Мегарей-Менекей, двоюродный брат Антигоны, является анти-Антигоной, что не означает, будто он ее противоположность. Они оба отпрыски ужасной крови Лабдакидов и схожи друг с другом. Оба близки по возрасту; выросли в одном и том же дворце; были затронуты одними и теми же драмами. И в своих любовных привязанностях, не выходящих за пределы их рода, они опять же проявляют сходство: как Антигона любит честного и слабого Гемона, так Мегарей нежную и весьма земную Йемену…
Бунтарство — общая черта их натуры, а героизм — их общее призвание. Оба одинаково хотят быть образцовыми. Но если Антигона исполнит свой погребальный подвиг во мраке ночи, одна против всего города, победу которого презирает, то Мегарей будет совершать свое одинокое жертвоприношение на ярком дневном свету, двенадцать часов подряд, и ради того самого города, чей малый пыл к битве презирал.
Антигона — героиня негативная, непримиримая и бескомпромиссная бунтарка, совершеннейшая одиночка.
Мегарей же герой положительный, борец, всегда солидарный с себе подобными, даже если те замыкаются в трусливом эгоизме; он обрекает себя на смерть, чтобы возродить в них вместе с мужеством стремление к этому коллективному достоинству, которое обычно именуют свободой…»
Я скажу дальше, какую судьбу познал «Мегарей». Позже швейцарский критик и гуманист Жорж Меотис напишет об этой трагедии, что она стала первым театральным произведением Сопротивления, которое, впрочем, мало их произвело.

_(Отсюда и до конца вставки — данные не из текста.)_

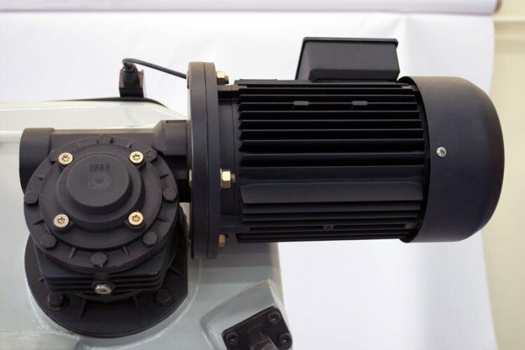 Пила опускается под собственным весом, станок оборудован дросселируемым гидравлическим цилиндром, который позволяет автоматически подстраивать скорость опускания пильной рамы в зависимости от профиля заготовки, что обеспечивает оптимальные режимы, зажим заготовки осуществляется тисками вручную, подача заготовки - также вручную.
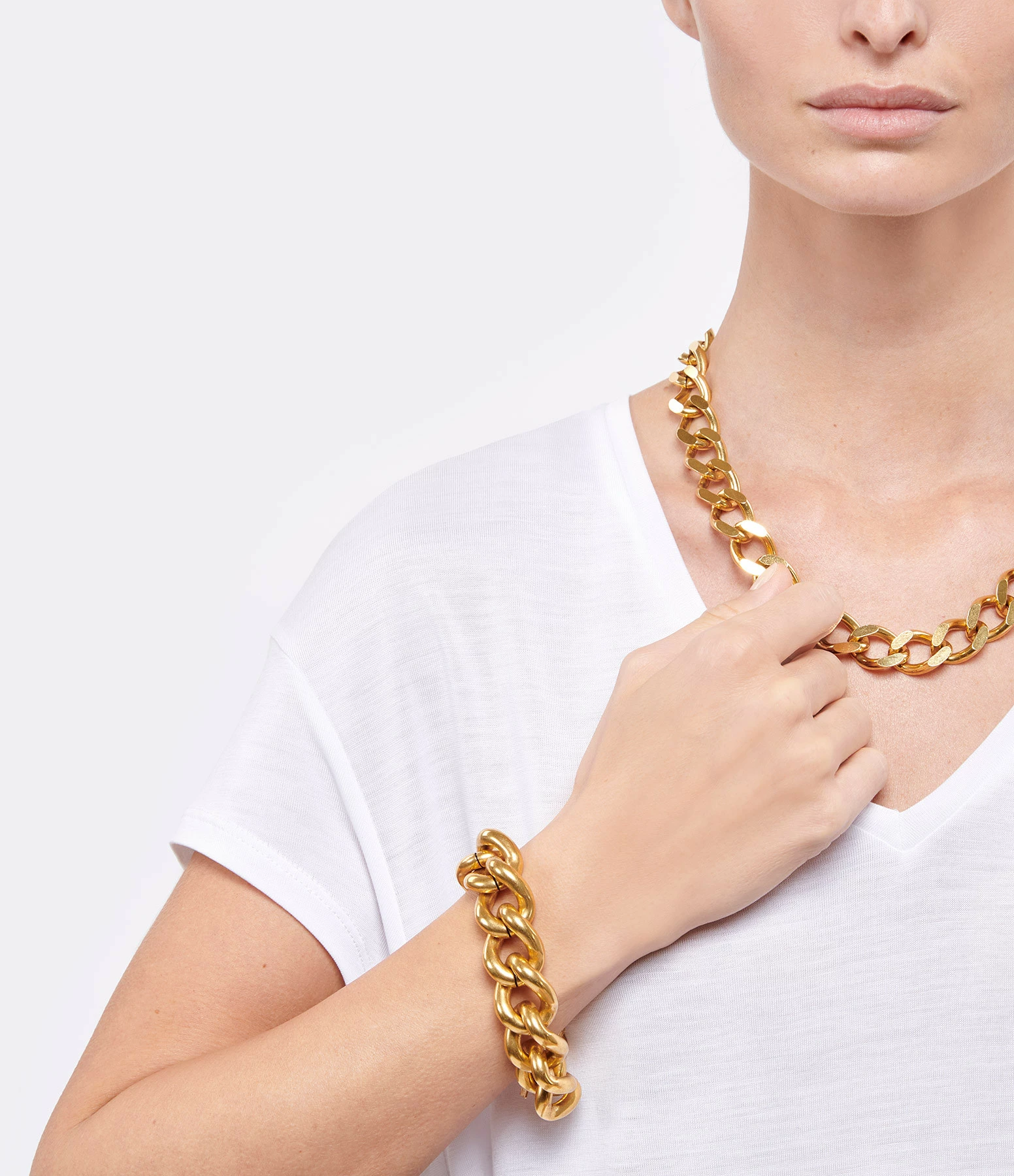 Bracelet en laiton doré patiné, maillons ovales. Fermoir à cliquet ovale.
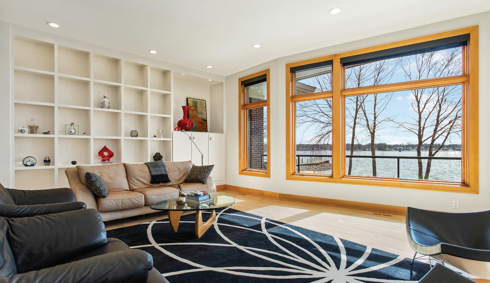 4 BEDS | 6 BATHS | 3,658 SQFT. What does “LOCATION, LOCATION, LOCATION” mean? Without hesitation this is it! Panoramic views of the entire private All Sports Lower Straits Lake – approx. 175 +/- lin ft of water frontage – approx. 1 acre – breathtaking views from all windows – glorious sunsets - sandy bottom lake great for swimming – low tra c dead end street. Custom designed by David Lubin Architects – this sprawling ranch has massive floor to ceiling windows that allows you to appreciate every season.
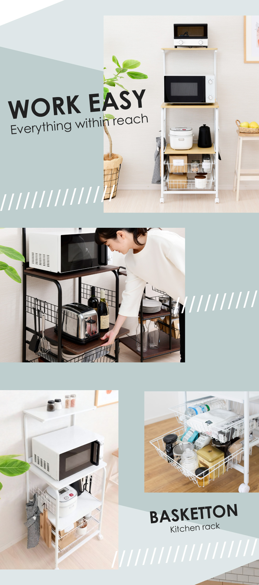 【商品名】BASKETTON キャスター付き レンジラック 幅50cm
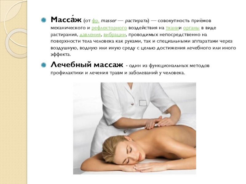 Слайд 2Масса́ж (от фр. masser — растирать) — совокупность приёмов механического и рефлекторного воздействия на ткании органы в виде растирания, давления, вибрации, проводимых непосредственно на

Помню еще о весне 1939-го, что у нас тогда сменился Папа Римский. Я знал только одного, крепкого Пия XI, взошедшего на понтификальный престол через четыре года после моего рождения. Его изображение украшало ризницы моего детства. От него исходило такое же величие, как и от епископа, который меня конфирмовал. Хоть я и не воображал себе, что он вечен, как Бог, которого представлял на земле, но он был далеким, высшим, вневременным. Его кончина напомнила нам, что истории задает ритм длительность жизни государей, будь они от мира или от веры.
Избирая кардинала Пачелли, прежнего нунция в Париже, который принял имя Пия XII, конклав подтвердил римскую поговорку: «Папа круглый, Папа длинный».

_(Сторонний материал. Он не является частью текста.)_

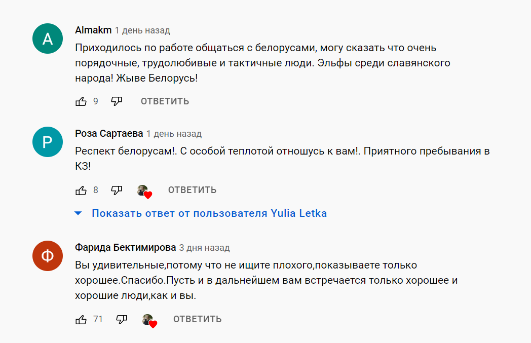 Из ближайших стран она выбрала Казахстан, а в самом видео перечислила ряд причин, почему она приехала именно сюда: большая часть разговаривает на русском, похожий менталитет, рядом с Россией, рубли можно с легкостью обменять на тенге.
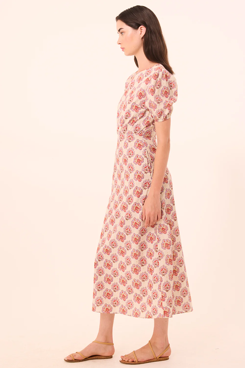Blanche is a new easy midi dress crafted from breezy cotton voile lurex dot fabric with an allover paisley block print. This effortless daytime silhouette features short puffed elastic sleeves, hidden side slit pockets, a high neckline, and flattering gathered detailing at the fitted waist. Finished with a hidden zip closure, it’s the perfect blend of simplicity and charm.
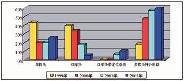 圖1 所示從1999年到2002年(2002年的數(shù)據(jù)是由上半年數(shù)據(jù)推算而來)單探頭、雙探頭、雙探頭帶定位系統(tǒng)和多探頭符合線路,四種不同核醫(yī)學設備每年各種類型所占比例?梢钥闯觥W顬槊黠@的是普通雙探頭在2002年僅僅占總數(shù)的5%,普通單探頭占總數(shù)25%,多探頭帶符合電路系統(tǒng)占總數(shù)59%。普通雙探頭帶X線定位系統(tǒng)占總數(shù)10%?梢钥闯鰡翁筋^SPECT和多探頭符合電路系統(tǒng)呈增長趨勢,尤其以多探頭符合電路系統(tǒng)更為明顯。
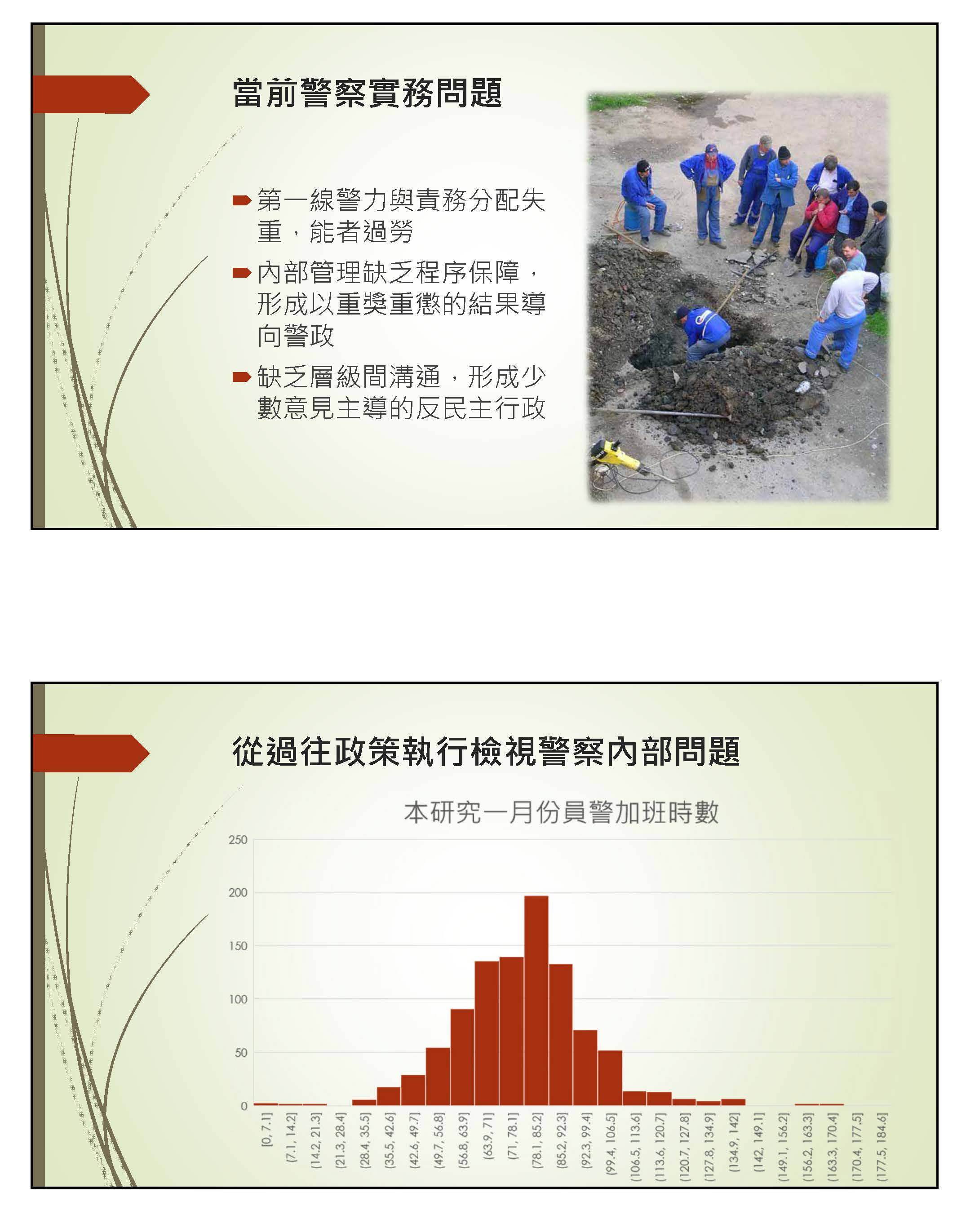 再來是像前面先進所提到的考核程序的建立,以及我所要提到的一點──現在是事權分配不均。以剛剛的臨檢為例好了,現在來說,臨檢假如派個8組人,那我們可能會有十幾個督導人員在上面,這是一個非常奇怪的人員配置方式。但是像剛剛提到的,督查組是一個非常龐大的組織,有很多人力放在上面,所以我們是一個腳輕、頭輕、腹部肥大的組織架構。但是實際上來說應該這樣子嗎?最早巡官這個職位其實他是「巡」官,是外勤員警,而不是內勤業務人員,所以我們現階段的組織配置有很多地方並不符合當初設計的架構,這些都是未來修法時要一併從法源去探討的問題。

Как бы ни был велик опыт долговязого Пачелли в дипломатии и руководстве Ватиканом, каким бы светлым умом он ни обладал и какой бы совершенной ни была его возвышенная вера, ему оставалось слишком мало времени до раскола Европы, чтобы приобрести привычку к непререкаемому авторитету и стать тем, над кем только Бог, которому — и только Ему одному — он мог задавать вопросы.
Я возвращаюсь ненадолго к войне в Испании из-за одной сцены в фильме Мальро «Надежда», который был запрещен к показу правительством. Было бы легко иронизировать, говоря, что надежда стала запрещенным товаром. Наше правительство признало Франко и не хотело разозлить его восхвалением республиканцев. Оно даже, расщедрившись, отправило к нему послом маршала Петена.

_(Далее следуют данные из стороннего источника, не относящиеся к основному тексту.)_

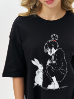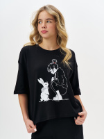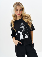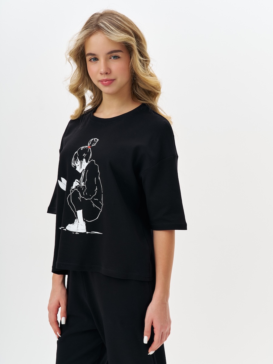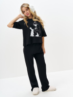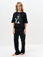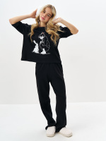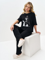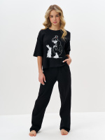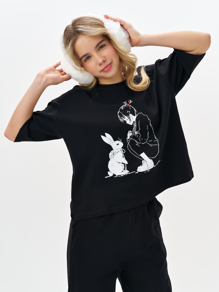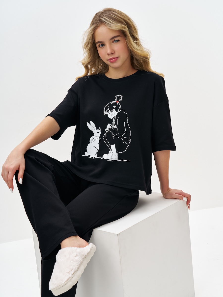 Черная пижама для девочки с принтом
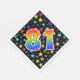 This exciting, fun, and vibrant paper napkin design features a colourful star shapes pattern, along with the number "81" featuring a multicolored rainbow spectrum like gradient pattern, on a black coloured background. Paper napkins like this might be fun to use at a party when celebrating somebody’s eighty first birthday, or perhaps a couple’s eighty first wedding anniversary, or some other 81st event. [~Z0000346]

Тем не менее в начале лета для малого числа привилегированных в зале на Елисейских Полях был организован частный показ «Надежды». Единственный. Я был там с Кесселем. Позже Роже Стефан сказал мне, что тоже там присутствовал. Мы были самыми молодыми зрителями, а поскольку Стефан умер, то я, наверное, сейчас, когда пишу об этом, остался последним свидетелем того события.